Material provided ->
>>>
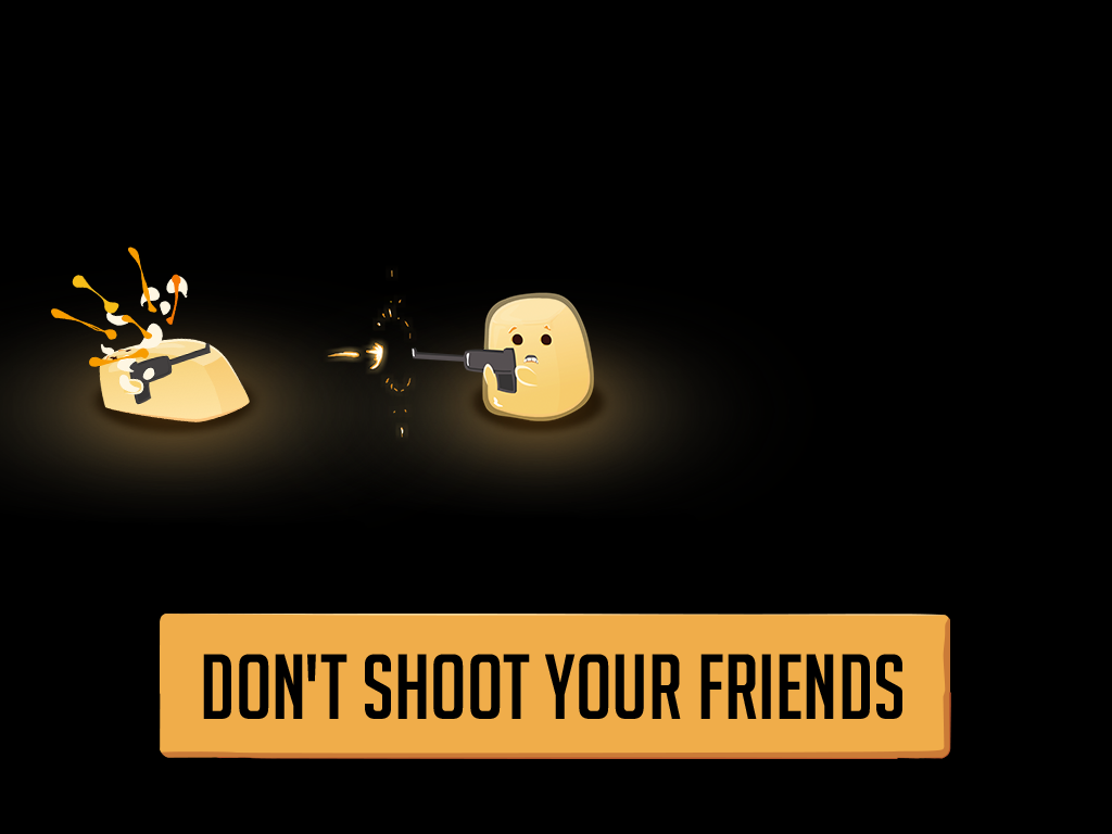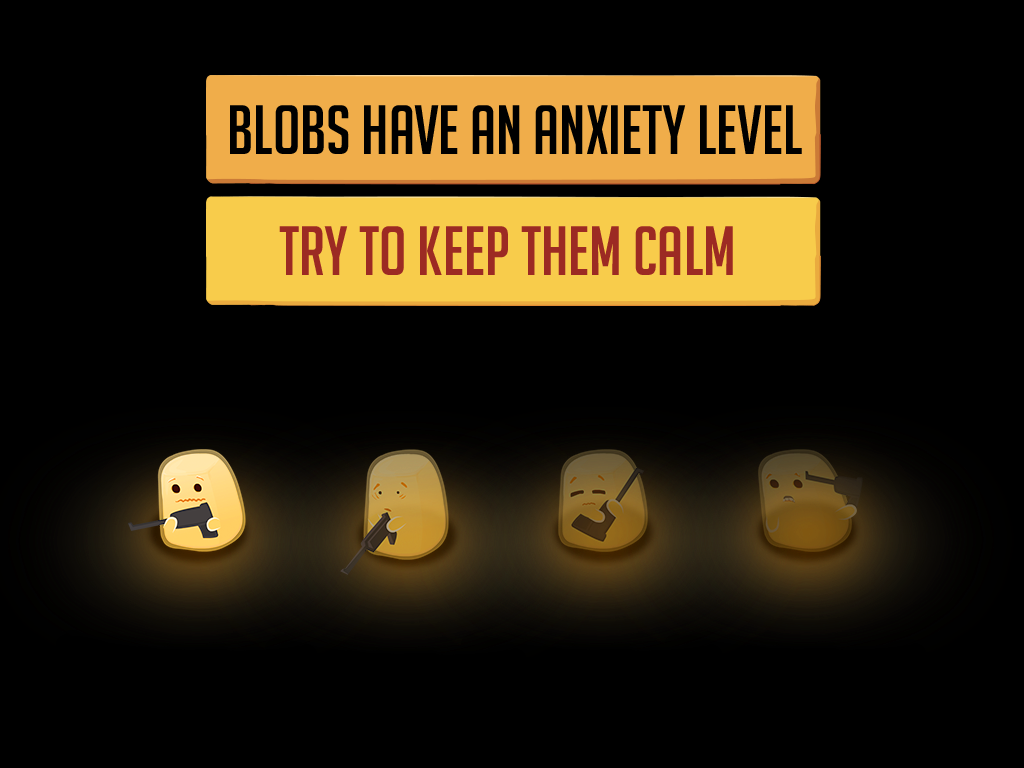 A bunch of glowing Blobs huddle in the dark, scared and armed. Dark shadows creep in and they must react quickly - is it a friend or foe?
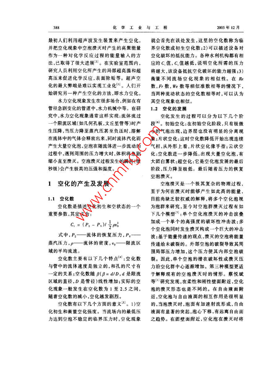 2003年12月化學(xué)工業(yè)與工程第20卷第6期Dec 2003CHEMICAL INDUSTRY AND ENGINEERING專題綜述水力空化及應(yīng)用武君,張曉冬,劉學(xué)武,夏遠(yuǎn)景,李志義(大連理工大學(xué)流體與粉體工程研究設(shè)計(jì)所,遼寧大連16012)摘要;本文對水力空化現(xiàn)象進(jìn)行了較全面的綜迷,包括空化的產(chǎn)生、發(fā)展及漬滅的過程,給出空泡潰滅時的三種模型假設(shè),并提出把空泡潰滅時產(chǎn)生的高壓高溫條件作為種能量輸入的方法用在化學(xué)反應(yīng)過程等領(lǐng)域,介紹了水力空化裝置及應(yīng)用前景等,并對空化及空蝕的產(chǎn)生機(jī)理進(jìn)行了初步探討,對進(jìn)一步深入研究空化現(xiàn)象及應(yīng)用有定的參考作用。關(guān)鍵詞:空化;流體流動;空泡;潰滅中圖分類號:0352.1文獻(xiàn)標(biāo)識碼:A文章編號:1004-9533(2003)06-0387-05Hydrodynamic Cavitation and Its ApplicationsWU Jun, ZHANG Xiao-dong, LIU Xue-wu, XIA Yuan-jing, LI Zhi- yi(R&D Institute of Fluid and Powder Engineening, Dalian University of technology, Liaoning Dalian 116012, China)Abstract: The hydrodynamic cavitation phenomenon included inception, development and thecollapse of the hydrodynamic cavitation has been reviewed. Three models have been proposed toexplain the cavity collapse. The high pressure and temperature which the collapsed cavitiesgenerated can be used as a method of energy imput. The paper also includes that the hydrodynamic equipment and the applications. This is important for the further researchKey words: cavitation; fluid now; bulb; collapse早在1753年, Euler注意到,當(dāng)水管中某空化可產(chǎn)生的種種不利影響,例如在泵中處的壓強(qiáng)若降低至蒸汽壓甚至到負(fù)值時,水產(chǎn)生的空蝕,它是由靠近固體表處的空泡漬即自管壁分離并在該處形成一個真空空間,滅時產(chǎn)生的高速液體射流沖擊所造成的通常人們將這種現(xiàn)象稱為空化。其后,發(fā)現(xiàn)與此同時,人們也在思考如何利用這種現(xiàn)象。收稿日期:2002-11-1作者簡介:武君(1979-),女,河北邯鄲人,在讀碩士,主要從事過程的空化強(qiáng)化研究化學(xué)工業(yè)與工程003年12月最初人們利用超聲波發(fā)生裝置來產(chǎn)生空化,就會首先在該處發(fā)生,這里的空化數(shù)稱為臨并把空化現(xiàn)象中空泡潰滅時產(chǎn)生的高聚能量界空化數(shù)或初生空化數(shù);2)可以描述設(shè)備對作為一種對化學(xué)反應(yīng)過程的能量輸入的方空化破壞的抵抗能力。各種水利機(jī)構(gòu)都有相法,已取得了很大進(jìn)展2。在實(shí)驗(yàn)室范圍內(nèi),應(yīng)的C值,C值越低,說明空化所需的壓力研究人員利用空化所產(chǎn)生的局部超高溫和超將越大,該設(shè)備抵抗空化破壞的能力越強(qiáng);3)高壓來促進(jìn)化學(xué)反應(yīng),表面除垢等。超聲空衡量不同流場空化現(xiàn)象的相似性。在Re大弊端是難以實(shí)現(xiàn)工業(yè)化。人們開數(shù),F數(shù),We數(shù)等相似準(zhǔn)數(shù)相等的情況下另一種產(chǎn)生空化的方法,即水力空化。當(dāng)兩種流動狀態(tài)的空化數(shù)相等時,可以認(rèn)為水力空化現(xiàn)象發(fā)生在很多場合,例如在有其空化現(xiàn)象也相似管徑急劇變化的管道中,水力機(jī)械中等。在研1.2空化的發(fā)展究中,水力空化現(xiàn)象通常這樣實(shí)現(xiàn):流體流過空化發(fā)生的過程可以分為以下幾個階一個限流區(qū)域(如幾何孔板文丘里管等)時產(chǎn)段6。初始空化:在初始空化階段,只有極微生壓降,當(dāng)壓力降至蒸汽壓甚至負(fù)壓時溶解小的氣泡出現(xiàn),邊界層也沒有明顯的分離現(xiàn)在流體中的氣體會釋放出來同時流體汽化而象;片狀空化:這時空化數(shù)降低開始出現(xiàn)連續(xù)產(chǎn)生大量空化泡空泡在隨流體進(jìn)一步流動的氣相,從外形上看,片狀空化像手指;云狀空過程中,遇到周圍的壓力增大時,體積將急劇化:空化數(shù)進(jìn)一步降低,出現(xiàn)大量空化泡,有縮小直至潰滅。空泡潰滅過程發(fā)生的瞬間(微大團(tuán)白霧狀;超空化:它是空化泡發(fā)展的最后秒級)會產(chǎn)生極高的壓強(qiáng)和溫度。階段,壓力降至極低。最后隨著壓力的恢復(fù)空泡漬滅空化的產(chǎn)生及發(fā)展空泡潰滅是一個極其復(fù)雜的物理過程,至于為何在潰滅時能夠產(chǎn)生如此高的能量,1.1空化數(shù)目前尚缺乏較權(quán)威的解釋,將多個空化泡視空化數(shù)是描述空化初生和空狀態(tài)的一個為泡群來研究,至今對空泡群潰滅過程有如重要參數(shù),其定義為下幾個模型”:單個空化泡潰滅的沖擊波疊C;=(P2-P、)5pob加成一個單個的高強(qiáng)度的破壞性沖擊波;多個空化泡同時發(fā)生潰滅構(gòu)成一個巨大的沖擊式中,P2—流體的恢復(fù)壓力,P波;基于能量傳遞的觀點(diǎn),潰滅的空泡將能量蒸汽壓力,P—流體的密度,—限流區(qū)傳遞給未破裂的。外部空泡的破裂導(dǎo)致其周域的平均流速。圍局部壓力增加,這個壓力使其內(nèi)部空泡破空化數(shù)主要有以下幾個特點(diǎn):空化數(shù)裂。因此,單個空泡的潛在破壞性或漬滅壓與管中的流體速度是獨(dú)立的,和孔的尺寸有力沿空化群中心逐漸增加。第三種模型更適定的關(guān)系;空化數(shù)隨R(B=d/D,d是限流于解釋現(xiàn)有的空泡潰滅時的情形。蔡悅斌區(qū)域的直徑,D是管徑)線性增加;實(shí)際的空等研究發(fā)現(xiàn),在柔性和剛性壁
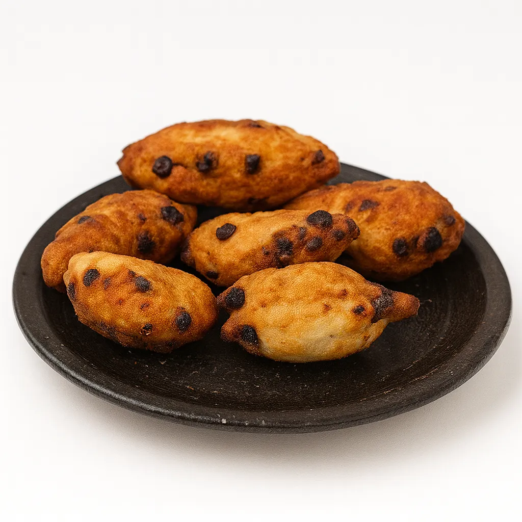 7. Carefully place the dough patties into the hot oil. Let them fry for about 2 to 3 minutes on each side or until they are golden brown and cooked through. The popping sound indicates that the berries are releasing moisture.
<<<
Prompt ->
Transcribe each line above verbatim, with the pictures left out.

Expected answer ->
 A bunch of glowing Blobs huddle in the dark, scared and armed. Dark shadows creep in and they must react quickly - is it a friend or foe?
 2003年12月化學(xué)工業(yè)與工程第20卷第6期Dec 2003CHEMICAL INDUSTRY AND ENGINEERING專題綜述水力空化及應(yīng)用武君,張曉冬,劉學(xué)武,夏遠(yuǎn)景,李志義(大連理工大學(xué)流體與粉體工程研究設(shè)計(jì)所,遼寧大連16012)摘要;本文對水力空化現(xiàn)象進(jìn)行了較全面的綜迷,包括空化的產(chǎn)生、發(fā)展及漬滅的過程,給出空泡潰滅時的三種模型假設(shè),并提出把空泡潰滅時產(chǎn)生的高壓高溫條件作為種能量輸入的方法用在化學(xué)反應(yīng)過程等領(lǐng)域,介紹了水力空化裝置及應(yīng)用前景等,并對空化及空蝕的產(chǎn)生機(jī)理進(jìn)行了初步探討,對進(jìn)一步深入研究空化現(xiàn)象及應(yīng)用有定的參考作用。關(guān)鍵詞:空化;流體流動;空泡;潰滅中圖分類號:0352.1文獻(xiàn)標(biāo)識碼:A文章編號:1004-9533(2003)06-0387-05Hydrodynamic Cavitation and Its ApplicationsWU Jun, ZHANG Xiao-dong, LIU Xue-wu, XIA Yuan-jing, LI Zhi- yi(R&D Institute of Fluid and Powder Engineening, Dalian University of technology, Liaoning Dalian 116012, China)Abstract: The hydrodynamic cavitation phenomenon included inception, development and thecollapse of the hydrodynamic cavitation has been reviewed. Three models have been proposed toexplain the cavity collapse. The high pressure and temperature which the collapsed cavitiesgenerated can be used as a method of energy imput. The paper also includes that the hydrodynamic equipment and the applications. This is important for the further researchKey words: cavitation; fluid now; bulb; collapse早在1753年, Euler注意到,當(dāng)水管中某空化可產(chǎn)生的種種不利影響,例如在泵中處的壓強(qiáng)若降低至蒸汽壓甚至到負(fù)值時,水產(chǎn)生的空蝕,它是由靠近固體表處的空泡漬即自管壁分離并在該處形成一個真空空間,滅時產(chǎn)生的高速液體射流沖擊所造成的通常人們將這種現(xiàn)象稱為空化。其后,發(fā)現(xiàn)與此同時,人們也在思考如何利用這種現(xiàn)象。收稿日期:2002-11-1作者簡介:武君(1979-),女,河北邯鄲人,在讀碩士,主要從事過程的空化強(qiáng)化研究化學(xué)工業(yè)與工程003年12月最初人們利用超聲波發(fā)生裝置來產(chǎn)生空化,就會首先在該處發(fā)生,這里的空化數(shù)稱為臨并把空化現(xiàn)象中空泡潰滅時產(chǎn)生的高聚能量界空化數(shù)或初生空化數(shù);2)可以描述設(shè)備對作為一種對化學(xué)反應(yīng)過程的能量輸入的方空化破壞的抵抗能力。各種水利機(jī)構(gòu)都有相法,已取得了很大進(jìn)展2。在實(shí)驗(yàn)室范圍內(nèi),應(yīng)的C值,C值越低,說明空化所需的壓力研究人員利用空化所產(chǎn)生的局部超高溫和超將越大,該設(shè)備抵抗空化破壞的能力越強(qiáng);3)高壓來促進(jìn)化學(xué)反應(yīng),表面除垢等。超聲空衡量不同流場空化現(xiàn)象的相似性。在Re大弊端是難以實(shí)現(xiàn)工業(yè)化。人們開數(shù),F數(shù),We數(shù)等相似準(zhǔn)數(shù)相等的情況下另一種產(chǎn)生空化的方法,即水力空化。當(dāng)兩種流動狀態(tài)的空化數(shù)相等時,可以認(rèn)為水力空化現(xiàn)象發(fā)生在很多場合,例如在有其空化現(xiàn)象也相似管徑急劇變化的管道中,水力機(jī)械中等。在研1.2空化的發(fā)展究中,水力空化現(xiàn)象通常這樣實(shí)現(xiàn):流體流過空化發(fā)生的過程可以分為以下幾個階一個限流區(qū)域(如幾何孔板文丘里管等)時產(chǎn)段6。初始空化:在初始空化階段,只有極微生壓降,當(dāng)壓力降至蒸汽壓甚至負(fù)壓時溶解小的氣泡出現(xiàn),邊界層也沒有明顯的分離現(xiàn)在流體中的氣體會釋放出來同時流體汽化而象;片狀空化:這時空化數(shù)降低開始出現(xiàn)連續(xù)產(chǎn)生大量空化泡空泡在隨流體進(jìn)一步流動的氣相,從外形上看,片狀空化像手指;云狀空過程中,遇到周圍的壓力增大時,體積將急劇化:空化數(shù)進(jìn)一步降低,出現(xiàn)大量空化泡,有縮小直至潰滅。空泡潰滅過程發(fā)生的瞬間(微大團(tuán)白霧狀;超空化:它是空化泡發(fā)展的最后秒級)會產(chǎn)生極高的壓強(qiáng)和溫度。階段,壓力降至極低。最后隨著壓力的恢復(fù)空泡漬滅空化的產(chǎn)生及發(fā)展空泡潰滅是一個極其復(fù)雜的物理過程,至于為何在潰滅時能夠產(chǎn)生如此高的能量,1.1空化數(shù)目前尚缺乏較權(quán)威的解釋,將多個空化泡視空化數(shù)是描述空化初生和空狀態(tài)的一個為泡群來研究,至今對空泡群潰滅過程有如重要參數(shù),其定義為下幾個模型”:單個空化泡潰滅的沖擊波疊C;=(P2-P、)5pob加成一個單個的高強(qiáng)度的破壞性沖擊波;多個空化泡同時發(fā)生潰滅構(gòu)成一個巨大的沖擊式中,P2—流體的恢復(fù)壓力,P波;基于能量傳遞的觀點(diǎn),潰滅的空泡將能量蒸汽壓力,P—流體的密度,—限流區(qū)傳遞給未破裂的。外部空泡的破裂導(dǎo)致其周域的平均流速。圍局部壓力增加,這個壓力使其內(nèi)部空泡破空化數(shù)主要有以下幾個特點(diǎn):空化數(shù)裂。因此,單個空泡的潛在破壞性或漬滅壓與管中的流體速度是獨(dú)立的,和孔的尺寸有力沿空化群中心逐漸增加。第三種模型更適定的關(guān)系;空化數(shù)隨R(B=d/D,d是限流于解釋現(xiàn)有的空泡潰滅時的情形。蔡悅斌區(qū)域的直徑,D是管徑)線性增加;實(shí)際的空等研究發(fā)現(xiàn),在柔性和剛性壁
 7. Carefully place the dough patties into the hot oil. Let them fry for about 2 to 3 minutes on each side or until they are golden brown and cooked through. The popping sound indicates that the berries are releasing moisture.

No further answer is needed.